* ABOUT THIS TASK
Your output should be the lines from the one with "350 gånger. |" through the last line of the records below, exactly as written, minus the pictures.

- - - - -

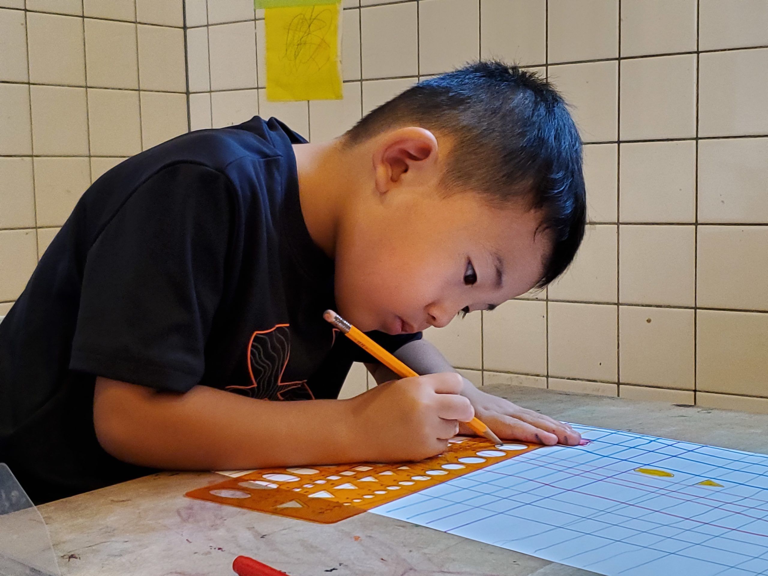 今日のアトリエ教室では、定規の使い方を学びました。コンピューターで簡単に線も絵も描ける今、道具を使って手を動かして線を引くというのはとても大切な経験ですね😊直線や斜め、何本も線を引くうちにコツを身につけてとても集中していた年中さんでした。
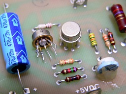 ズが聞こえる様になったからです。下の写真左が修理が完了した安定化基板と交換した部品。半導体ばか
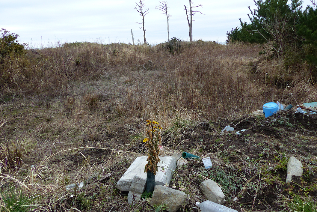 「ここです…この土手の下あたりから見つかったんです。震災の年の5月下旬、2週間ぐらいここで自衛隊が片付けと捜索をやったんです。片付けといっても瓦礫を持ち出して処分するのではなく、何か所かに山にしておいたんですね。ここがその一か所で。そこから遺骨の一部が見つかったと言う。だから想像でしかないんだけど、自衛隊に気がつかれずにがれきと一緒に運ばれて、その間にバラバラになっちゃったのかなと思っているんですけど。(ここで遺体の2割が見つかった?)そうです。だから残りがどうなっちゃったのか。
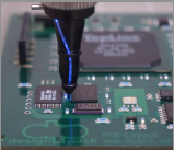 | Genom att lysa under en BGA-krets kan lödpunkterna inspekteras med Optilias BGA-prob. Förstoringen kan varieras mellan 5 och 350 gånger. |
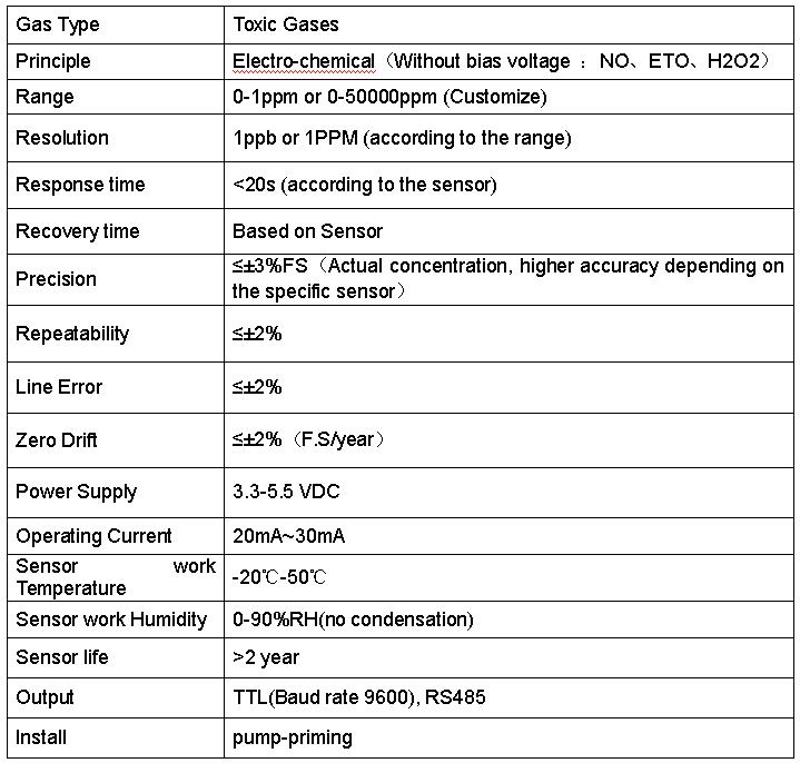 The high-precision & low-temperature drift and multi-point calibration technology ensure the module measurement accuracy and linearity.The Module is designed with the digital output. It’s unnecessary to re-calibrate, if the user make the module for binary development or direct use, which will reduce the development and application time cycle. There are two application interfaces: Diffusion, pump-priming.
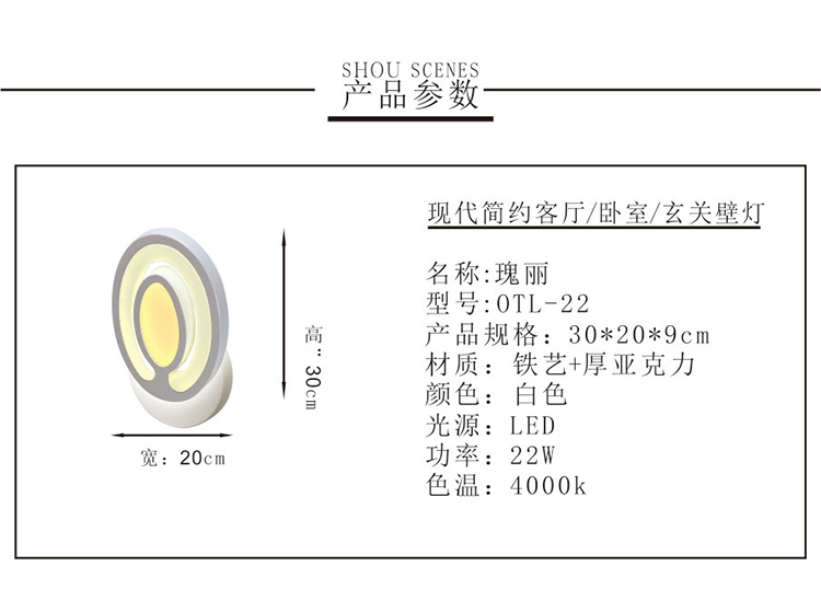 歐特朗OTL-22現(xiàn)代簡約 瑰麗壁燈|LED燈 是鐵藝加厚亞克力為材質(zhì),其他參數(shù)如圖
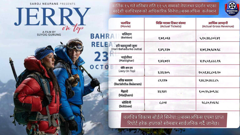 काठमाडौं । चलचित्र विकास बोर्डले दसैंयता प्रदर्शनमा आएका सात चलचित्रको व्यापारको विवरण सार्वजनिक गरेको छ । हरेक सोमबार बोर्डले बक्स अफिस रिपोर्ट प्रकाशन गर्ने गर्छ । जसअनुसार सोमबार प्रकाशित बक्स अफिस रिपोर्टमा अनमोल केसी स्टारर ‘जेरी अन टप’ अगाडि छ ।
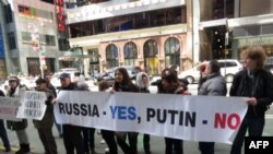 Всего в этот солнечный, но прохладный по меркам нынешней ранней весны день на Таймс-сквер, между 48-й и 49-й улицами собрались примерно 35-40 человек. Горожане и туристы с любопытством поглядывали на выстроившихся в цепочку вдоль тротуара демонстрантов с большим транспарантом «Россия – да! Путин – нет!»
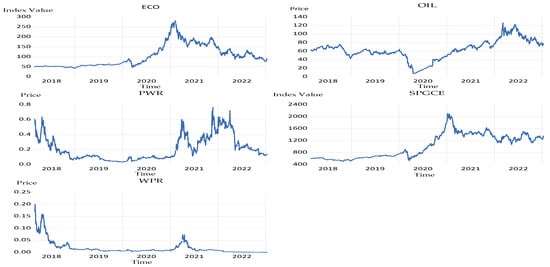 Time series plots of ECO, SPGCE, OIL, PWR, and WPR. (X-axis represents time; Y-axis represents indices value for ECO and SPGCE, and Prices in USD for OIL, PWR, and WPR).
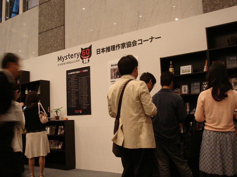 会場外のホワイエには、今回「謎」ブレンダーに挑戦する人気ミステリー作家の本コーナーが並ぶ。

- - - - -

* WRITTEN RESPONSE
 | Genom att lysa under en BGA-krets kan lödpunkterna inspekteras med Optilias BGA-prob. Förstoringen kan varieras mellan 5 och 350 gånger. |
 The high-precision & low-temperature drift and multi-point calibration technology ensure the module measurement accuracy and linearity.The Module is designed with the digital output. It’s unnecessary to re-calibrate, if the user make the module for binary development or direct use, which will reduce the development and application time cycle. There are two application interfaces: Diffusion, pump-priming.
 歐特朗OTL-22現(xiàn)代簡約 瑰麗壁燈|LED燈 是鐵藝加厚亞克力為材質(zhì),其他參數(shù)如圖
 काठमाडौं । चलचित्र विकास बोर्डले दसैंयता प्रदर्शनमा आएका सात चलचित्रको व्यापारको विवरण सार्वजनिक गरेको छ । हरेक सोमबार बोर्डले बक्स अफिस रिपोर्ट प्रकाशन गर्ने गर्छ । जसअनुसार सोमबार प्रकाशित बक्स अफिस रिपोर्टमा अनमोल केसी स्टारर ‘जेरी अन टप’ अगाडि छ ।
 Всего в этот солнечный, но прохладный по меркам нынешней ранней весны день на Таймс-сквер, между 48-й и 49-й улицами собрались примерно 35-40 человек. Горожане и туристы с любопытством поглядывали на выстроившихся в цепочку вдоль тротуара демонстрантов с большим транспарантом «Россия – да! Путин – нет!»
 Time series plots of ECO, SPGCE, OIL, PWR, and WPR. (X-axis represents time; Y-axis represents indices value for ECO and SPGCE, and Prices in USD for OIL, PWR, and WPR).
 会場外のホワイエには、今回「謎」ブレンダーに挑戦する人気ミステリー作家の本コーナーが並ぶ。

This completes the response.